Series is a one-dimensional indexed data structure in Pandas.

In [None]:
series1 = pd.Series([1, 2], index=['a', 'b'])
series2 = pd.Series({"a": 1, "b": 2})
print(series1)
print(series2)

### **Exercise:** Create a Series containing 5 city names as values and use index labels as country names.


            ### **AI Prompt: Exploring Pandas Series**
            - How does a Pandas Series differ from a Python list?
            - Can you provide a real-world example where using a Series is beneficial?
            - Generate additional exercises that explore Series operations.
            

## 3. Pandas Objects - DataFrame

DataFrame is a two-dimensional table with labeled rows and columns.

In [None]:
df1 = pd.DataFrame({'state': ['Ohio', 'California'], 'year': [2000, 2010]})
print(df1)

df2 = pd.DataFrame(np.random.rand(3, 2), columns=['foo', 'bar'])
print(df2)

### **Exercise:** Create a DataFrame with student names, their subjects, and corresponding grades.


            ### **AI Prompt: Working with DataFrames**
            - Compare a DataFrame with an SQL table. How are they similar and different?
            - What are some common operations performed on a DataFrame?
            - Describe a scenario where a DataFrame is more useful than a Series.
            

## 4. Indexing and Selection

Pandas provides various ways to select and retrieve data using `.loc[]` and `.iloc[]`.

In [None]:
s1 = pd.Series(range(10, 14), index=list("abcd"))
print(s1.loc['b'])
print(s1.iloc[1])

### **Exercise:** Given a Series of five countries and their populations, retrieve the population of a specific country using `.loc[]`.

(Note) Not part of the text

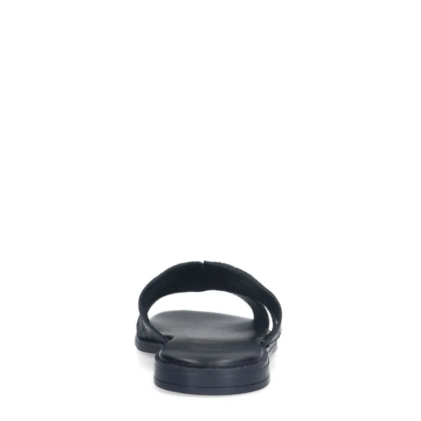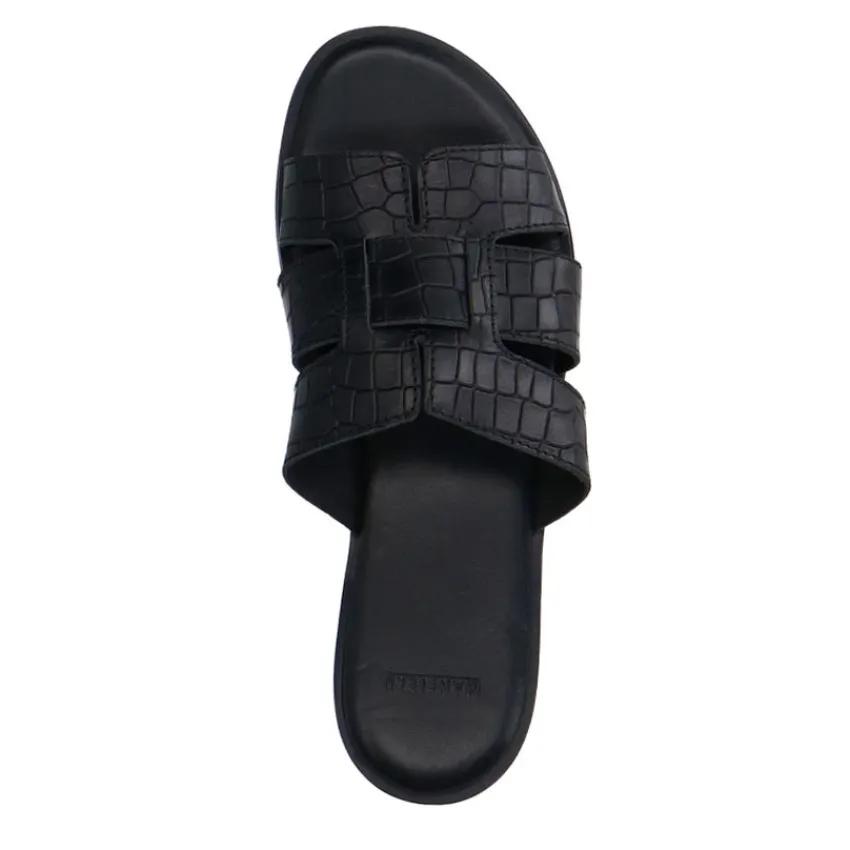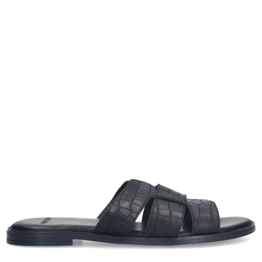Zwarte leren croco slippers van Manfield, met platte hak van 1 cm en brede band op de voorvoet. We adviseren als verzorging en bescherming de Collonil Carbon Pro.

            ### **AI Prompt: Mastering Indexing**
            - What is the difference between `.loc[]` and `.iloc[]` in Pandas?
            - How can incorrect indexing lead to errors in data analysis?
            - Generate a challenging indexing problem and explain how to solve it.
            

## 5. Handling Missing Data

Pandas allows handling missing values using `fillna()` or `dropna()`.

In [None]:
df_missing = pd.DataFrame({'A': [1, 2, None], 'B': [None, 3, 4]})
df_filled = df_missing.fillna(0)
print(df_filled)

### **Exercise:** Create a DataFrame with missing values and replace them with the column mean.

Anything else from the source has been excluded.